Dorf urged parents to explain the idea of sales and the fact that the food advertised via commercials may not be the best for our bodies. Dietary habits form over a lifetime and are greatly influenced by the social environment and family setting as well as the media (Schneider, 2006, p. 277). From time to time parents struggle with taking their children into the supermarket for groceries just because they don’t want to fight about what the new craze is in sugary cereal or what unhealthy snack crackers are showing more commercials on television or the latest cartoon characters face on their box.
It is a common to see a mother or father who gives in to please their child when he or she throws a tantrum in the middle of the aisle to get something they want. This repeated action can be a detrimental in the long run if it persists and continues. Impact Food industries have a goal to sell as much of their product to the public as possible. They will do anything they can to encourage American’s to eat and spend more money on any of their products. Most food advertised is high in fat, sugar, and salt leading to children in the grocery store begging their parents for candy and unhealthy snack foods (Borzekowski & Robinson, 2001).
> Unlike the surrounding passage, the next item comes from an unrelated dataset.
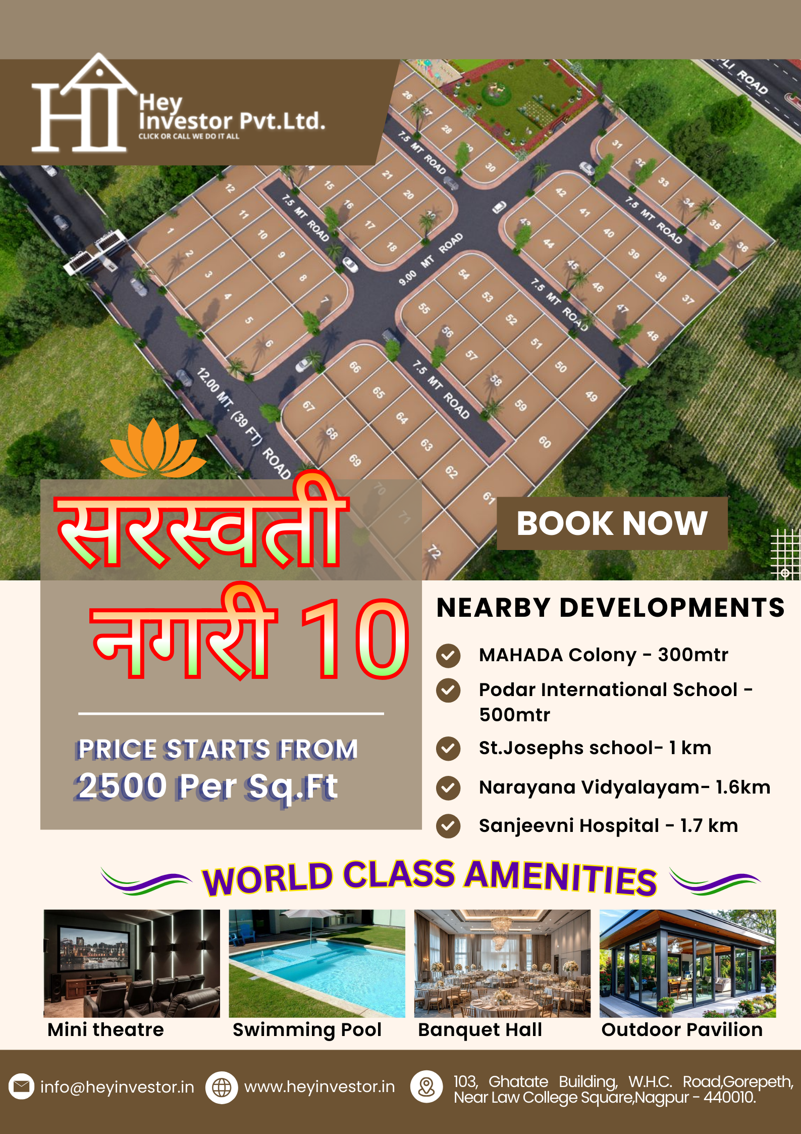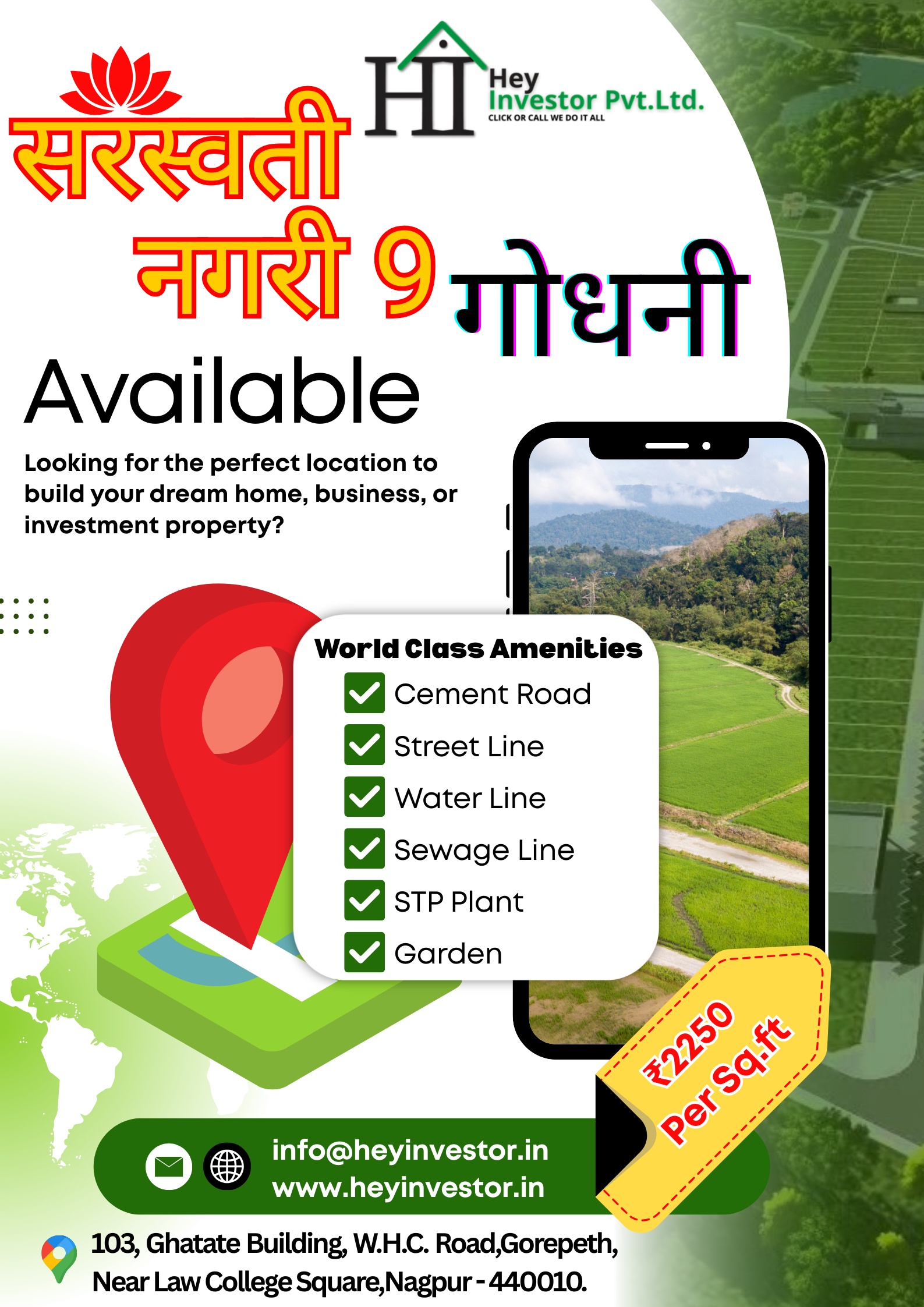 Finding the perfect property is an important and often challenging task, but at Hey Investor Pvt. Ltd., we make this process both accessible and enjoyable. Our comprehensive approach ensures that you have access to the best opportunities in the real estate market. Our team of knowledgeable agents is dedicated to understanding your unique needs and preferences, guiding you through each step with personalized service and expert advice. Whether you're searching for a residential plot to build your dream home or a commercial property to expand your business, we have a wide range of options in prime locations such as Wardha Road, Hingna, and Amravati Road.

Foods advertised taste “good” resulting in advertisements publicizing foods with high amounts of sugar, fat, and salt towards younger generations. For example, fast foods and high sugar cereals are two of the most commonly publicized items during children’s programming. Studies have shown that children under the age of 6 years of age cannot distinguish between television programming as opposed to commercial advertising (Borzekowski & Robinson, 2001).
The primary problem is that children who spend excessive amounts of time exposed to television media are more likely to be overweight. According to the National Longitudinal Survey of Labor Market Experience, Youth Cohort (NLSY) a strong dose-response relationship was found between television viewing and the prevalence of overweight (Brown, 2008, p. 316). Adolescents from 10 to 15 years old who reported watching more than 5 hours of television per day had greater odds of having a BMI in the 85th percentile (Brown, 2008, p. 316).